Homopolymer mutational hot spots mediate herpes simplex virus resistance to acyclovir

Abstract

In the majority of cases, the mechanism underlying the resistance to acyclovir (ACV) of herpes simplex viruses (HSVs) is thymidine kinase (TK) deficiency. Plaque isolates from eight ACV-resistant (ACVr) clinical isolates from AIDS patients, of which five reactivated, were sequenced to determine the genetic lesion within the tk gene conferring resistance and whether this may have correlated with reactivation potential. Mutations were clustered within two homopolymer nucleotide stretches. Three plaque isolates (1737-14, 90-150-3, and 89-650-5) had insertion mutations within a stretch of 7 guanosines, while two isolates (89-063-1 and 89-353-1) had frameshift mutations within a stretch of 6 cytosines (a deletion and an insertion, respectively).

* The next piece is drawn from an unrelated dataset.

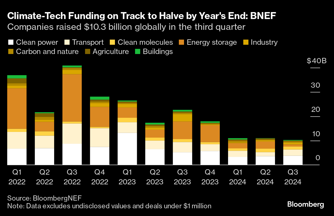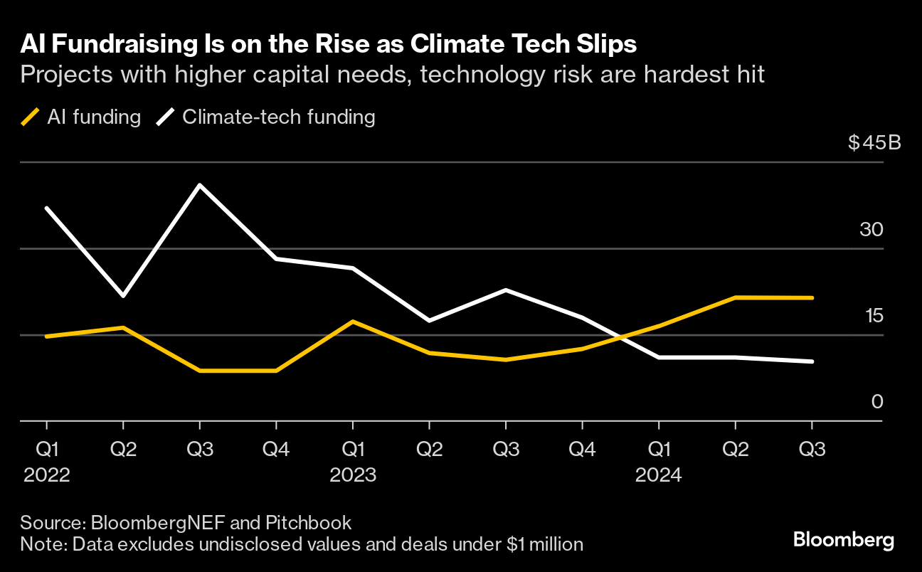 Globally, climate-tech companies raised roughly $10.3 billion in equity across public and private markets in the third quarter, putting full-year funding on track to fall about 50% this year, data from BloombergNEF show. Meanwhile, capital for AI has climbed, with startups in that space raising more than $21 billion in the quarter, Pitchbook estimates.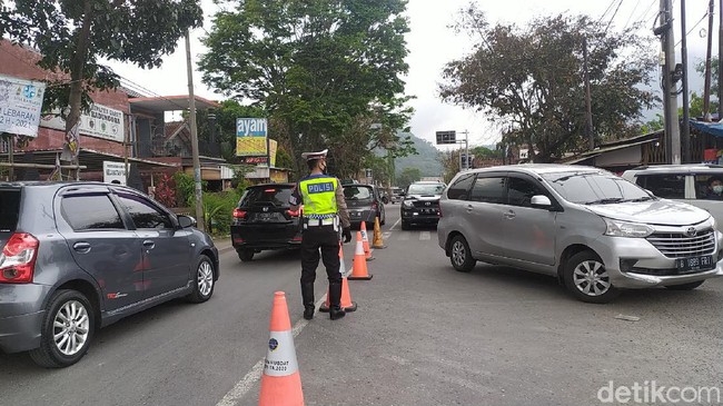 Garut - Petugas gabungan melakukan penyekatan kendaraan wisatawan di perbatasan Garut-Bandung. Puluhan kendaraan terpaksa putar balik.

Mutations resulted in premature termination codons, and the predicted 28- and 32-kDa truncated TK products were detected by Western blot analysis of virus-infected cell extracts. The repair of one homopolymer frameshift mutation (in isolate 1737-14) restored TK activity, demonstrating that this mutation is the basis of TK deficiency. Of the five reactivated isolates, four were TK deficient and contained frameshift mutations while the fifth retained TK activity because of its altered-TK or Pol- phenotype. These data demonstrate that the majority of ACVr clinical isolates contain frameshift mutations within two long homopolymer nucleotide stretches which function as hot spots within the HSV tk gene and produce nonfunctional, truncated TK proteins.